Every line below is to be given again precisely; images are to be left out.

──────── DATA SHOWN

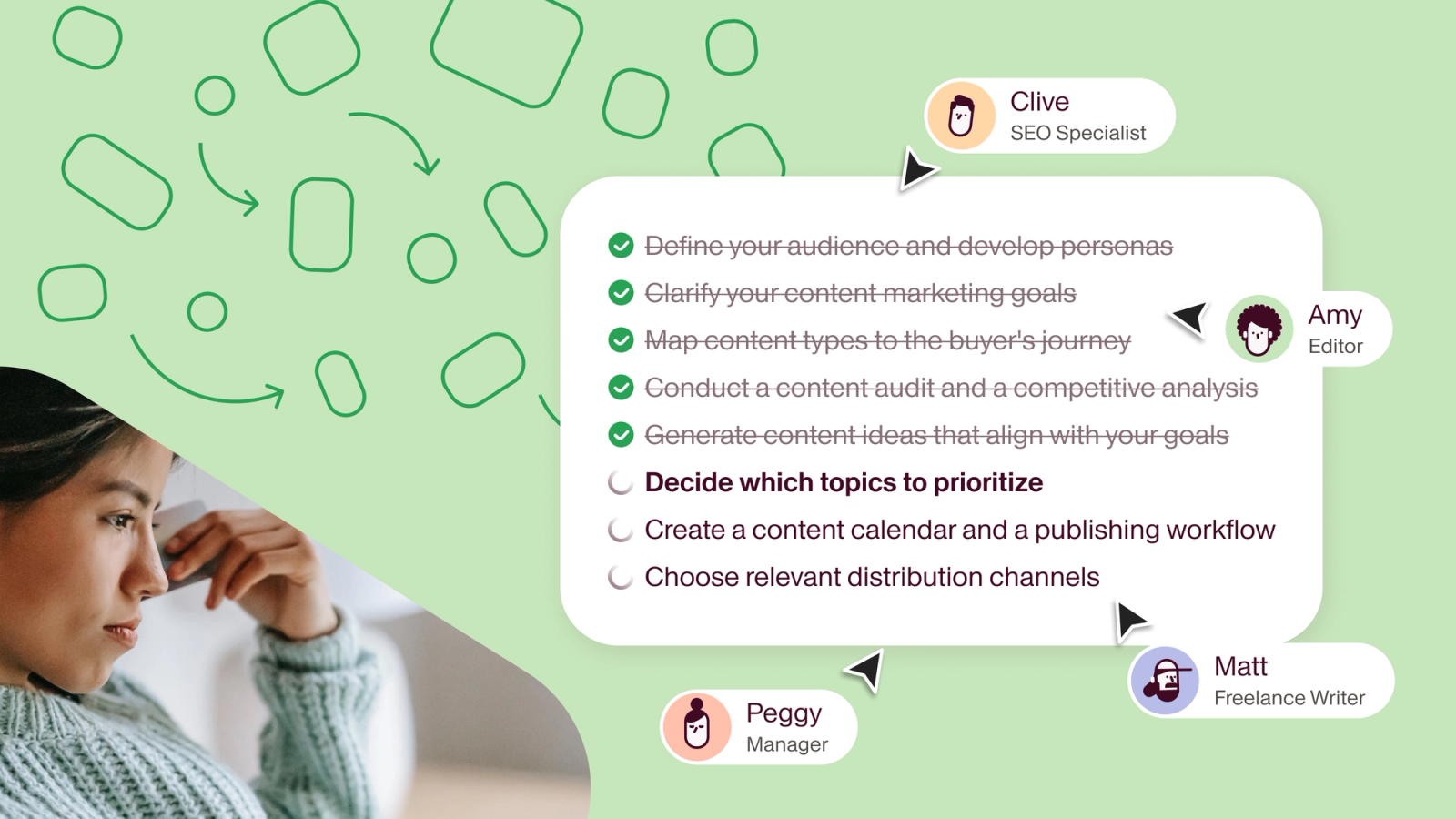 Think of your content strategy as a plan that details how your B2B brand will win. It considers how your brand can build authority, create value, and ultimately contribute to essential business goals.
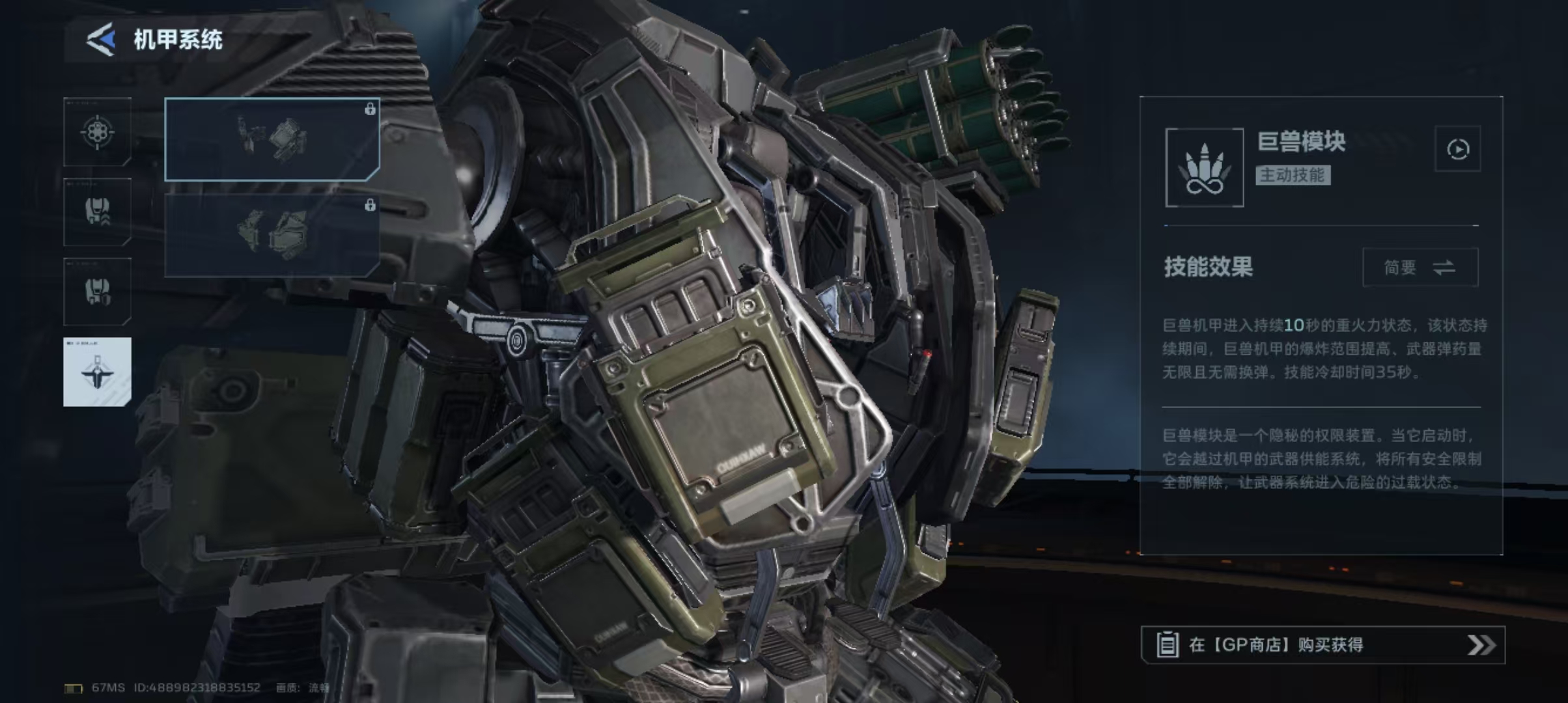 前胸核心模块提供两种战术方向:【巨兽模块】激活后进入重火力状态,期间持续输出范围伤害且无需换弹,冷却时间35秒;【无敌屏障】则赋予使用者4秒完全免疫伤害的防护窗口,冷却时间为25秒,适用于高危机制应对场景。
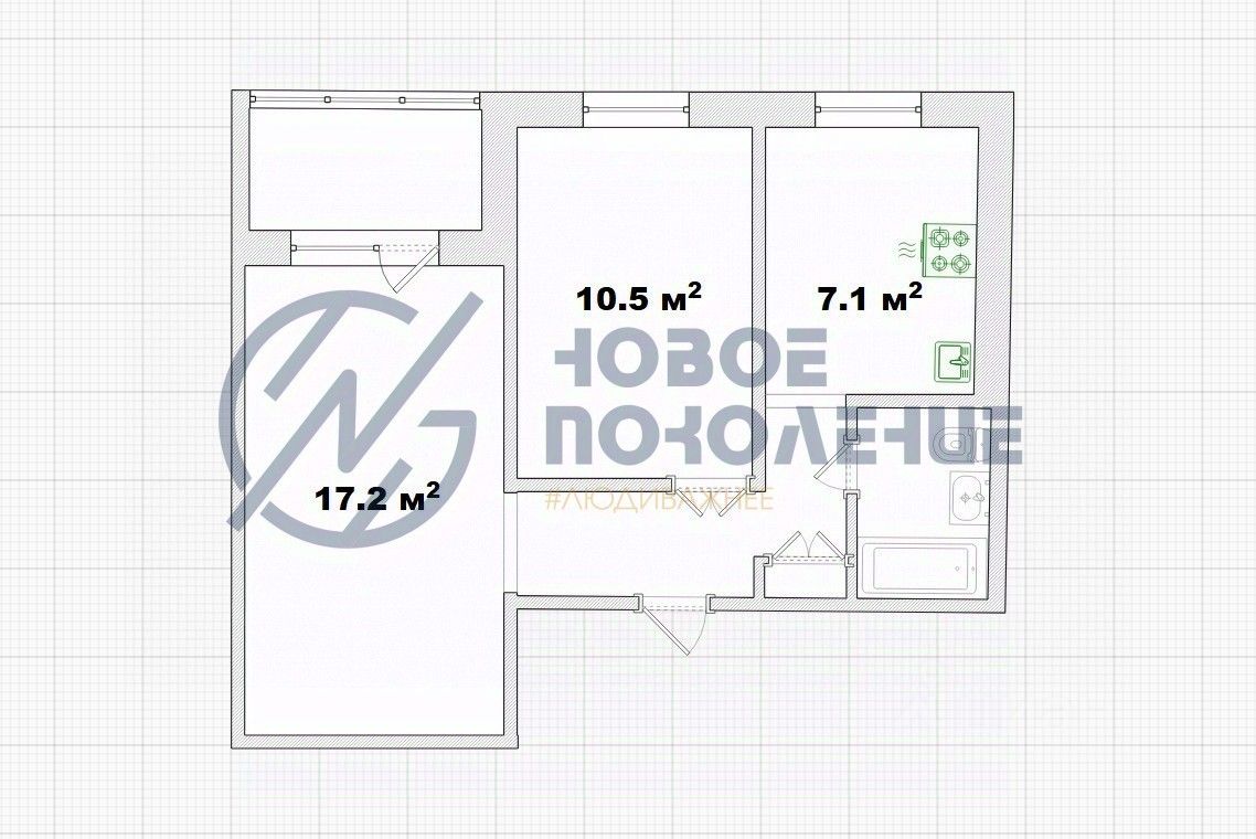 Компания недвижимости "Новое поколение" предлагает к продаже 2к квартиру с изолированными комнатами.

────────────────

= RESULT OF THE TASK =
 Think of your content strategy as a plan that details how your B2B brand will win. It considers how your brand can build authority, create value, and ultimately contribute to essential business goals.
 前胸核心模块提供两种战术方向:【巨兽模块】激活后进入重火力状态,期间持续输出范围伤害且无需换弹,冷却时间35秒;【无敌屏障】则赋予使用者4秒完全免疫伤害的防护窗口,冷却时间为25秒,适用于高危机制应对场景。
 Компания недвижимости "Новое поколение" предлагает к продаже 2к квартиру с изолированными комнатами.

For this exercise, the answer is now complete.